Happened again: https://github.com/athena-framework/athena/actions/runs/12941655549/job/36098066968.
I think it's happening continuously at the moment, and the CI of install-crystal is monitoring the situation quite well, I'd say. https://github.com/crystal-lang/install-crystal/actions
Well any CI workflow that regularly runs with crystal latest documents the effect.
We'd know more if we updated distribution-scripts to show full build logs: https://github.com/crystal-lang/crystal/pull/15368
The logs from the latest nightly build confirm the suspicion: make install rebuilds shards, which then happens without the original configuration (e.g. static=1).

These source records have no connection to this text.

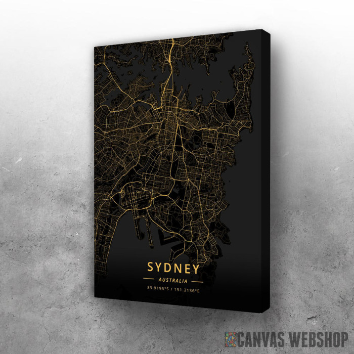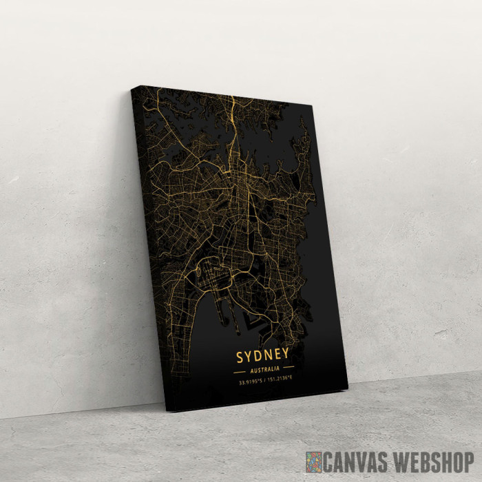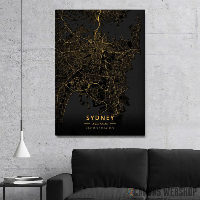 Sidnej mapa - crno zlatno je slika odštampana na kvalitetnom pamučnom platnu koje je zategnuto na ram od bukovog drveta. Slika Sidnej mapa - crno zlatno je dostupna u različitim dimenzijama.
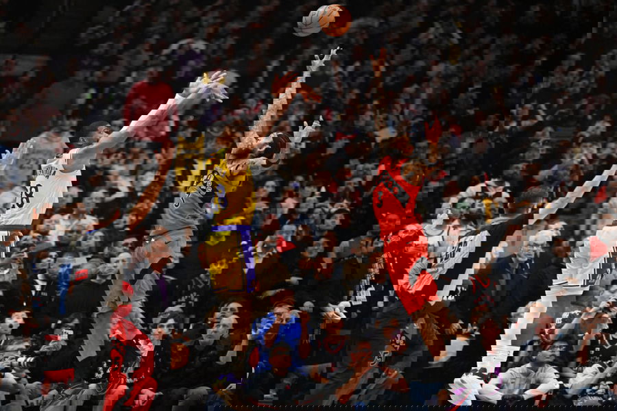 Dec 4, 2025; Toronto, Ontario, CAN; Los Angeles Lakers forward Rui Hachimura (28) shoots the game winning basket at the buzzer past Toronto Raptors forward Brandon Ingram (3) in the second half at Scotiabank Arena. Mandatory Credit: Dan Hamilton-Imagn Images
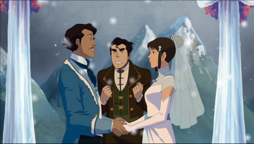 Volviendo una última vez en este review al final, después de un salto temporal pequeño pero no determinado, podemos ver que todos están en la boda de Varrick y Zhu Li. Y están todos listos para celebrar, se cierran algunos argumentos como el del ex Reino Tierra, ex Imperio Tierra que ahora será Nación Tierra (?) ya que Wu, el heredero, destituirá la monarquía para hacer paso a elecciones democráticas por estados independientes bajo el gobierno Tierra.
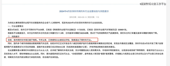 今年4月,深圳市交通运输局发布网约车行业运营动态与风险提示,并表示深圳网约车市场已趋于饱和,近年来,已陆续有从业者经过评估退出深圳市网约车行业。提醒有意从事网约车经营的企业与从业人员,应详细了解网约车相关法规,做好市场调研,充分考量营运收入受供需关系、市场条件等因素变化,出现波动或持续下降等情形,客观评估行业从业人员实际收入水平,理性审慎作出从业选择。
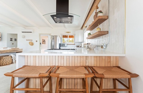 Welcome to our stunning vacation home nestled in the heart of Joshua Tree! This beautiful desert oasis is the perfect retreat for those seeking a unique and tranquil getaway. Upon arrival, you'll be greeted by the breathtaking panoramic views of the surrounding hi-desert landscape. This home boasts a modern and minimalist design with large windows that provide ample natural light and allow you to fully immerse yourself in the stunning natural beauty of Joshua Tree. This private modern pool and hot tub with large covered outdoor patio and kitchen are the perfect amenity for this luxury home and property.
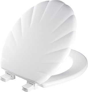 Sculptured Shell Toilet Seat, Easy Clean Hinges with Durable Wood Seat, Made in USA, Round, White
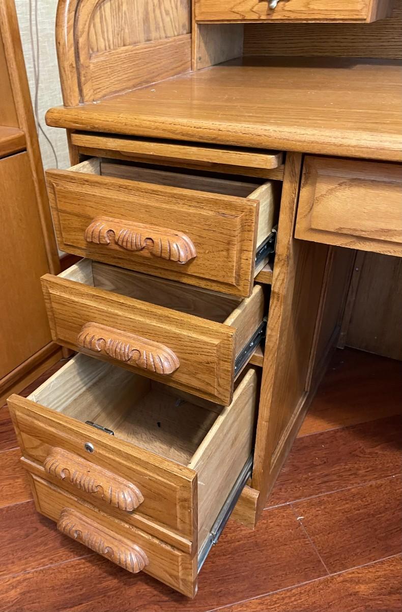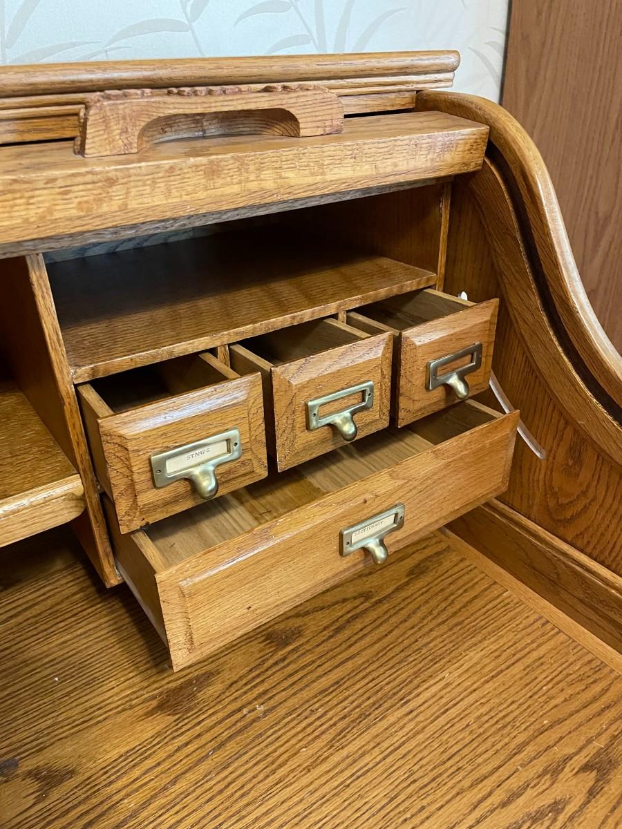 Cenntennial Rolltop Desk with keys, 15 drawers, very good condition, oak Banker's Desk

https://app.circleci.com/pipelines/github/crystal-lang/crystal/17043/workflows/7577b52c-6964-41f5-9d63-c46c042d4e00/jobs/88511?invite=true#step-102-137607_132
make --trace shows it thinks shard.yml is newer than shard.lock: update target 'shard.lock' due to: shard.yml
Okay so it seems to be the classic issue that timestamps might be slightly off after a git checkout. And there's an error in the Makefile: the shard.lock recipe doesn't touch the target if SHARDS=false and we're bootstrapping by downloading lib/molinillo with curl. Hence the original make build process doesn't mark shard.lock as fresh. This then triggers a rebuild on make install.
I am honestly surprised this issue has only started appearing quite recently.